CFP: Panel Beyond Constructivism (Dublin, 2-4 Jun 16)

Dublin Castle, June 2 - 04, 2016
Deadline: Sep 30, 2015
Beyond Constructivism: Soviet Early-Modernist Architecture Revisited
Panel at European Architectural History Network
Fourth International Meeting Dublin Castle
Panel organizers:
Tijana Vujosevic, University of Western Australia
tijana vujosevic@uwa.edu.au
Alla Vronskaya, ETH Zurich
alla.vronskaya@gta.arch.ethz.ch
Abstracts of no more than 300 words should    be submitted to the
conference     website along with applicant’s name, professional
affiliation, title of paper or position, a C.V. of no more than five
pages, home and work addresses, e-­mail addresses and telephone numbers.

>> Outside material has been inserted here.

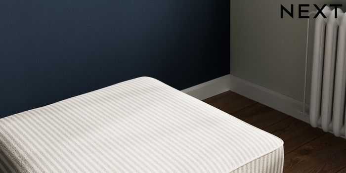 7.3.1 Buy Stamford Highback Storage Footstool Chenille Stripe Natural Square Angle - Brushed Brass from the Next UK online shop Click here to use our accessible website

Architectural production of the two decades after the October
Revolution is often, from the perspective of a Western architectural
historian, neatly divided into two eras: that of “Constructivism” in
the 1920s and that of “Socialist Realism” in the 1930s. However, this
periodization might be considered too neat. The dichotomy of
Constructivism and Socialist Realism is based on an assumption that the
course of Soviet architecture directly mirrored the changes in the
political regime—an assumption that simplifies the complex and
complicate character of early-Soviet architectural theory. For example,
whereas Classicism and Expressionism enjoyed a noticeable presence in
Soviet architecture during the 1920s, in the subsequent decade, the
former avant-gardists created prominent experimental works that offered
their vision of the new Soviet architecture. Moreover, in subsuming all
avant—?garde production under the notion of “Constructivism,”
architectural history follows a tradition developed by art historians,
who singled out a movement that, as it seemed, presaged the forms of
post-Second-World-War American art. In fact, however, apart from the
work of the Constructivist OSA group, Soviet architectural avant-garde
entailed a vast variety of non-Constructivist movements and practices,
such as Nikolai Ladovskii’s Rationalism, Il’ia Golosov and Konstantin
Mel’nikov’s neo-Expressionist fascination with form, or Iakov
Chernikhov’s architectural fantasies. By challenging reductive
periodization, architectural historians can better grasp the complexity
of Soviet early-modernist architectural landscape, stylistic overlaps,
and the diversity of practices and theories that constituted it.
The aim of this panel is to go beyond the notion of Constructivism as a
style-based label for the Soviet avant-garde and to present to the
public academic work on the rich and stylistically and ideologically
dissonant field of architectural innovation in design education, visual
repertoires, politics of artistic production, and design for everyday
life. We welcome papers that present alternative accounts of Soviet
Interwar modernity and its relationship to institutions of power and
the scientific, artistic, political discourses of the time.